A prominent feature of Edwin Drood is the graphic account of opium-dens and their frequenters, which are still to be found in the East End of London. Dickens's American friend, Mr J.T. Fields, has recorded that, during his stay in England in the summer of 1869, he accompanied the novelist one night (under police escort) to some lock-up houses, watch-houses, and opium-dens, it being from one of the latter that he gathered the incidents which are related in the opening pages. "In a miserable court," says Mr. Fields, "we found the haggard old woman blowing at a kind of pipe made of an old penny ink-bottle. The identical words which Dickens puts into the mouth of this wretched creature in 'Edwin Drood' we heard her croon as we leaned over the tattered bed on which she was lying. There was something hideous in the way this woman kept repeating 'Ye'll pay up according, deary, won't ye?' and the Chinamen and Lascars made never-to-be-forgotten pictures in the scene." We also have Dickens's statement that what he described he saw--exactly as he had described it--down in Shadwell in the autumn of 1869. "A couple of the Inspectors of Lodging-houses knew the woman, and took me to her as I was making a round with them, to see for myself the working of Lord Shaftesbury's Bill." Relative to his sketch of opium-smoking, Sir John Bowring (who had been British Ambassador to China and Governor of Hong Kong) pointed out to Dickens what appeared to him an inaccuracy in his delineation of that scene, and sent him an original Chinese sketch of the form of the pipe and the manner of its employment. While thanking him for the information, the novelist replied that he had only chronicled what actually came under his own observation in the neighbourhood of the London docks. Sir John's comment upon this is as follows: "No doubt the Chinaman whom he [Dickens] described had accommodated himself to English usage, and that our great and faithful dramatist here as elsewhere most correctly portrayed a piece of actual life."
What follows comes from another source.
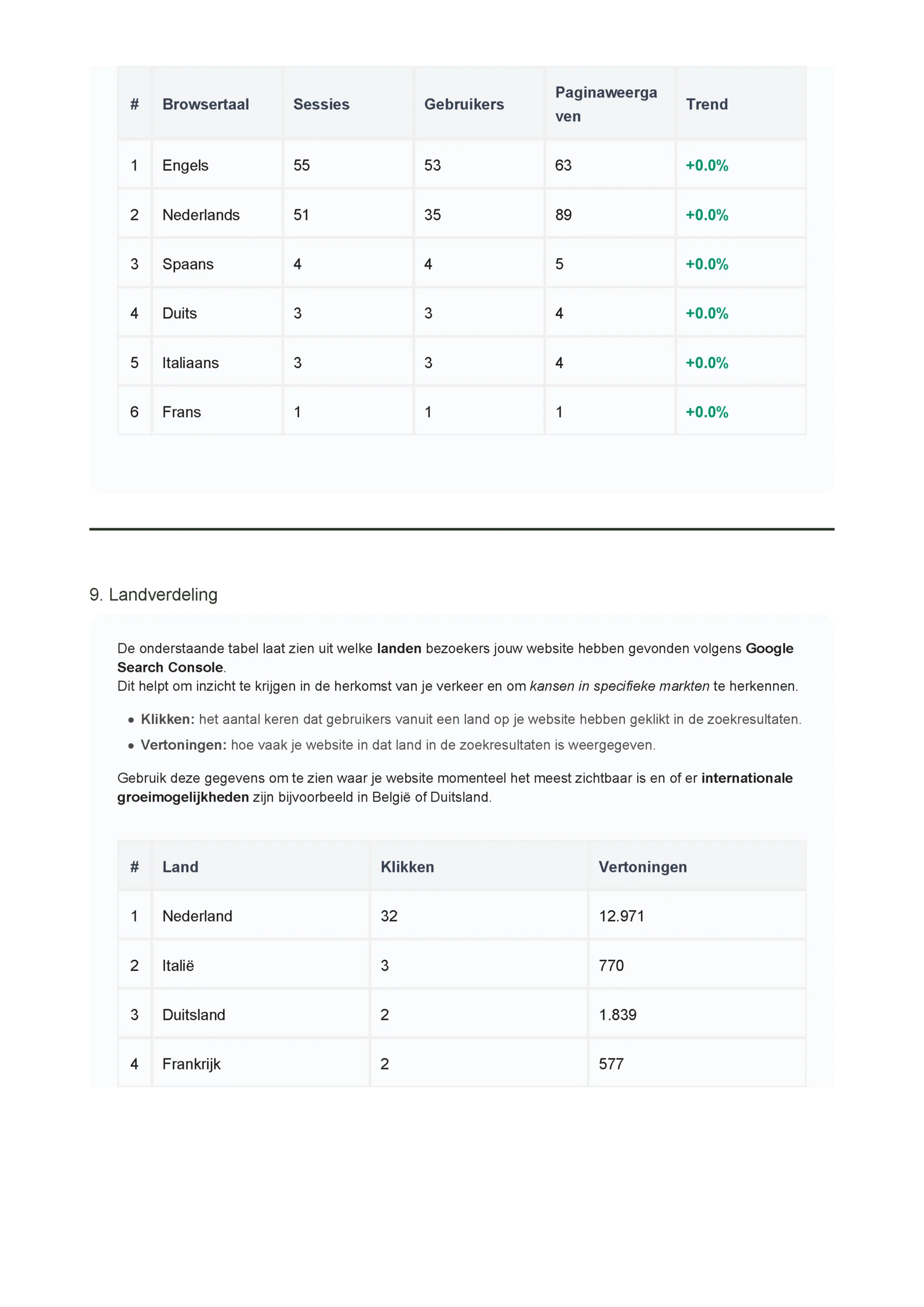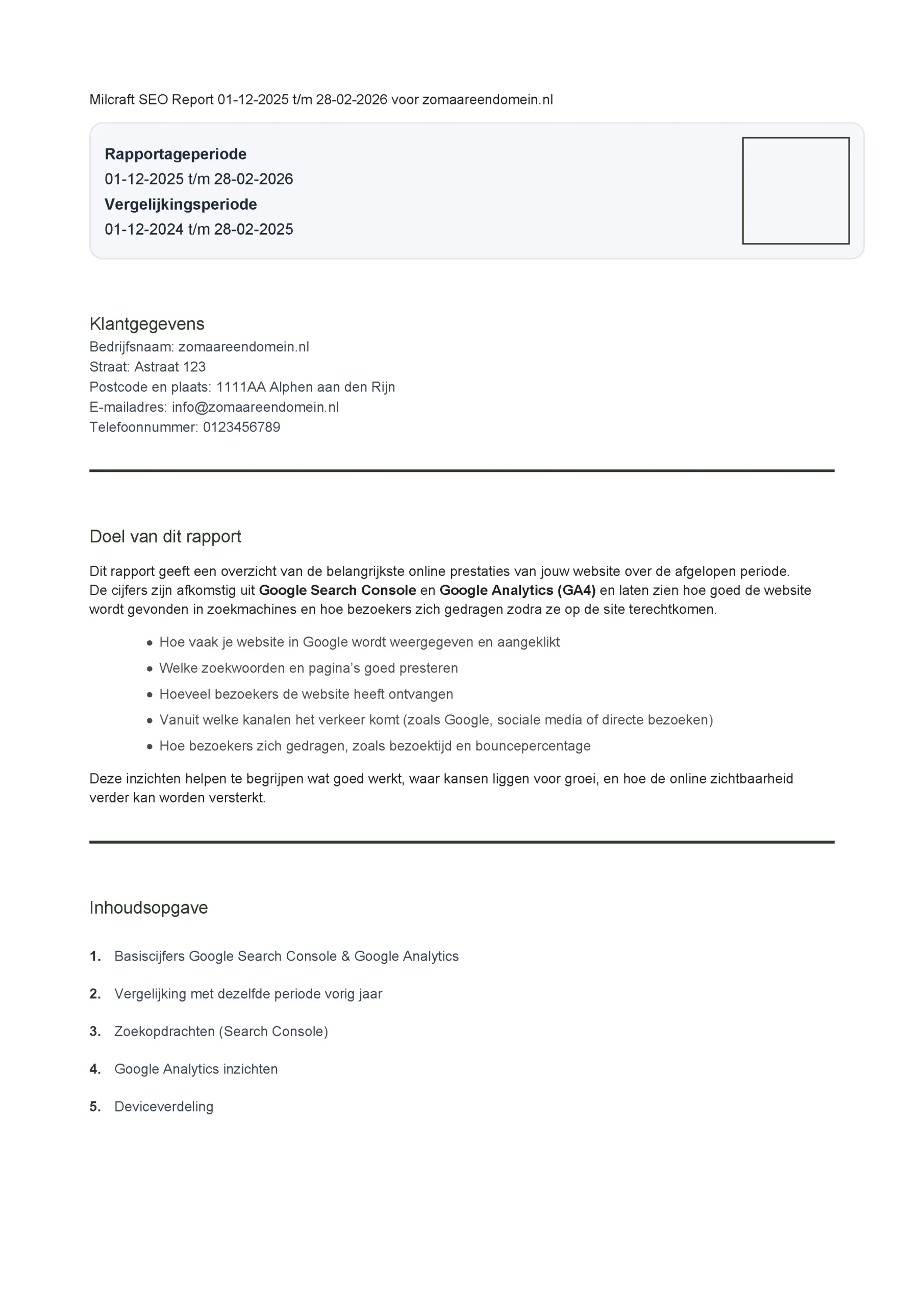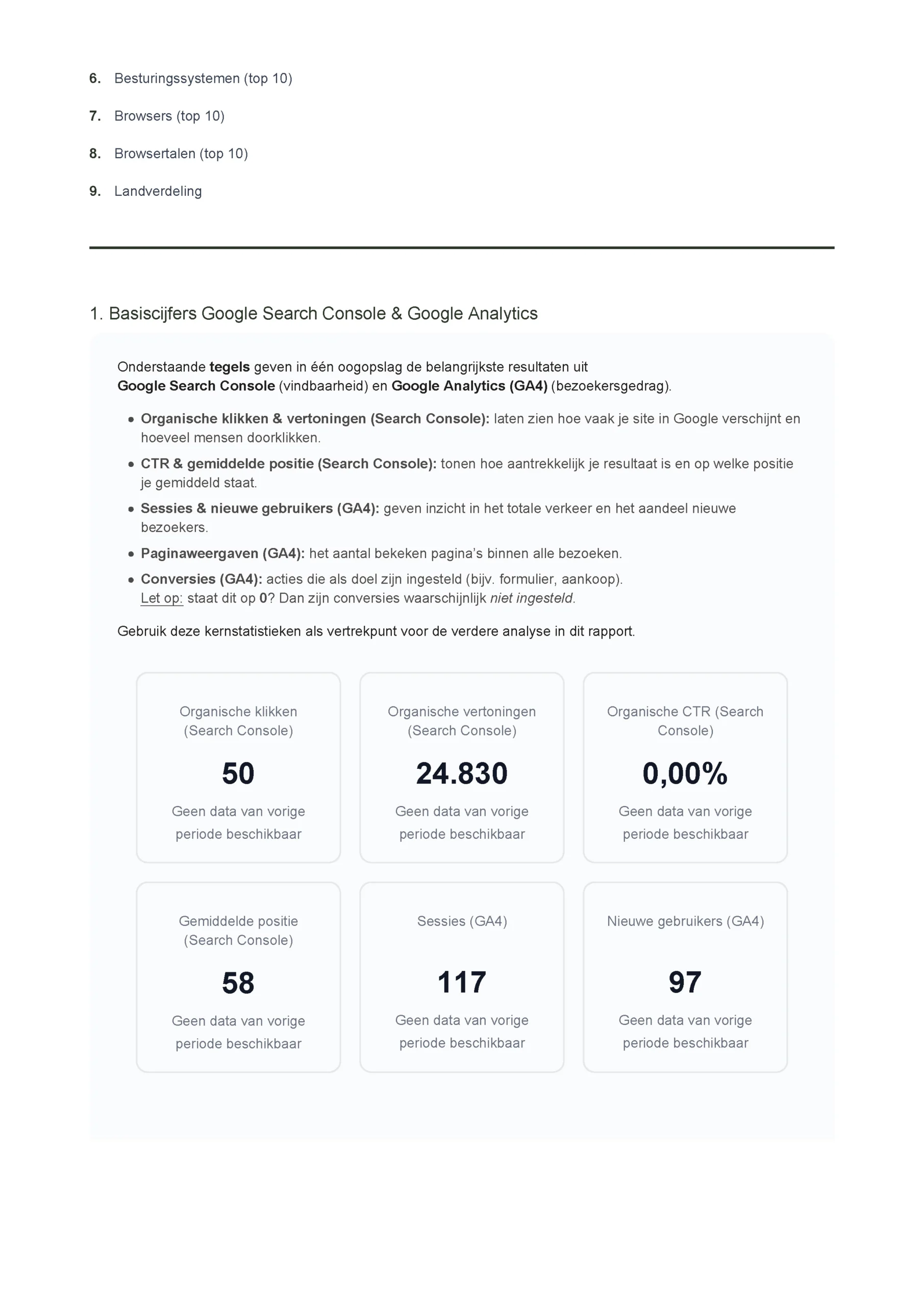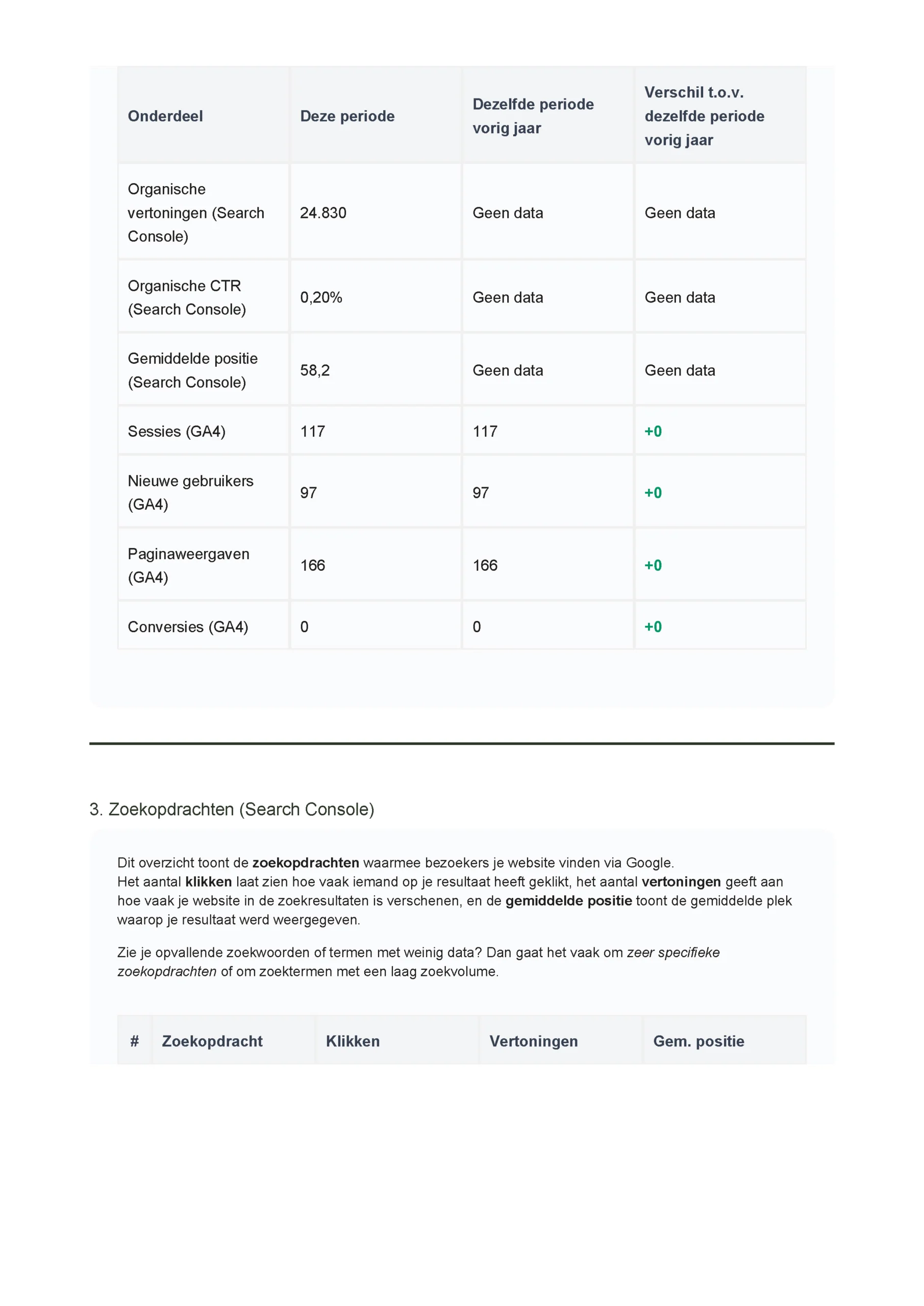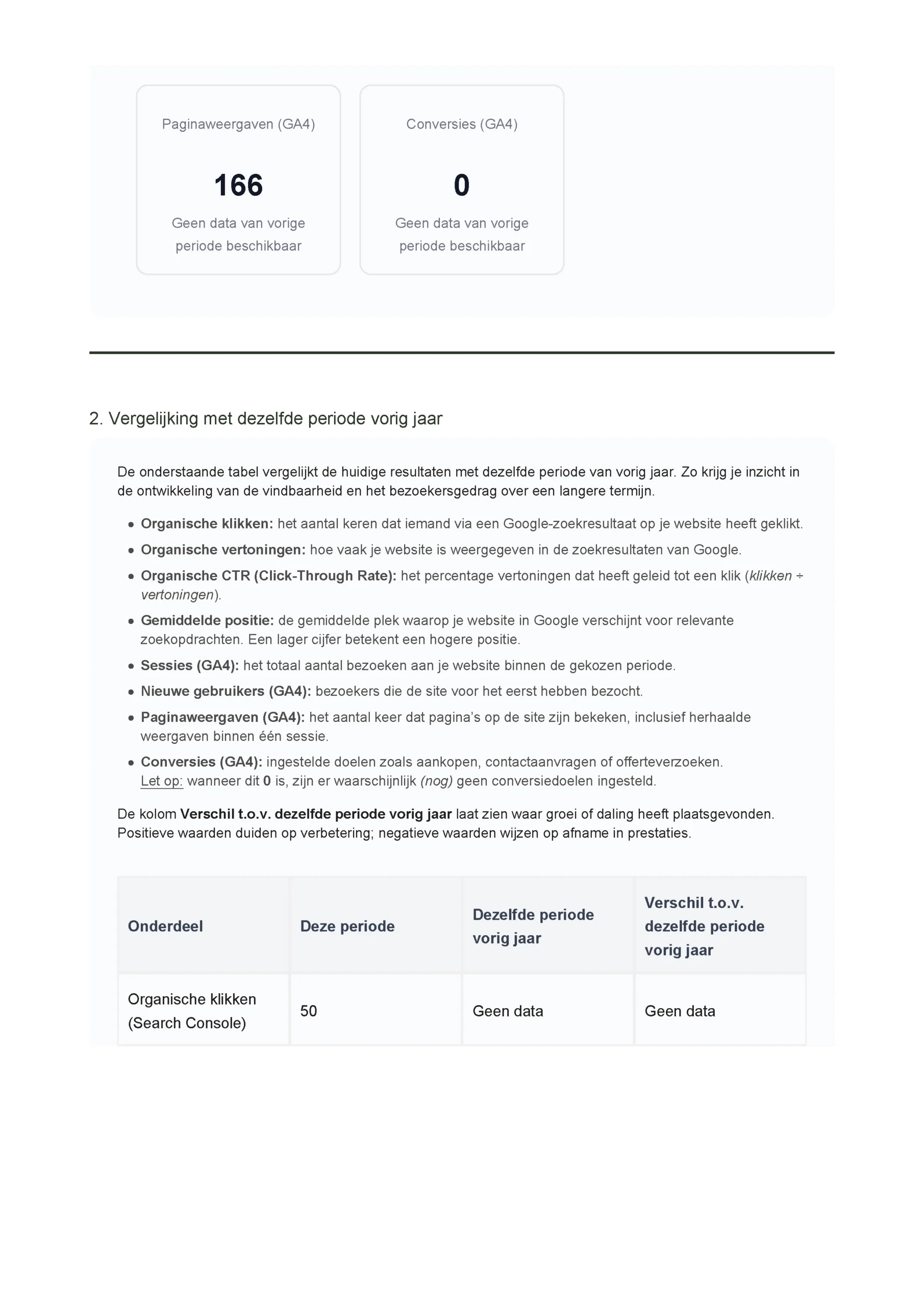 Dit rapport bestaat uit een pdf met data direct vanuit Google Analytics en Search Console.

Dickens placed the scene of Jasper's opium-smokings in a court just beyond the churchyard of St. George-in-the-East, Stepney. The Rev. Harry Jones, rector from 1873 to 1882, mentions that the old crone was known as Lascar Sal, and was living at the time he wrote (1875). The John Chinaman of whom she was so jealous in her trade was George Ah Sing, who died in 1889, he resided at 131, Cornwall Road, St. George's-in-the-East, and at the inquest it transpired that death was due to the rupture of a blood-vessel accelerated by destitution. When the novelist visited him, he kept an opium-den in New Court, Victoria Street, E., which used to be a house of call for Chinese seamen coming to this country and others who indulged in the use of the drug. The particular den described in the story was pulled down some years ago to make room for a Board-school playground, while the bedstead, pipes, etc., were purchased by Americans and others interested in curious relics.

See here for comment on one of Dickens' two historical novels, Barnaby Rudge, set at the time of the 1780 Gordon Riots in London.


Sir Arthur Conan Doyle also visited the local opium dens, 'for research', as did Oscar Wilde. In The Picture of Dorian Grey, describing its dissolute title character's journey to the opium den in Bluegate Fields, Wilde wrote of the streets like the sprawling web of some spider ... over the low roofs rose the black masts of ships. See too this anonymous 1868 account and this account by James Greenwood.

In a detailed monograph of the 1980s Dyer's Court Mark Willingale, a local architect and historian, argued that (a) the opium den that was Dickens' model was in New Court, just to the east of St George's church and gardens, (b) that the 'cathedral' he mentions was the church of St George-in-the-East, and (c) identifies various sites from the book, including The Highway, Cable Street, the burial ground, the Rectory, a local inn, a watchmaker's shop and a toy shop, and 'Jasper's Gate House'.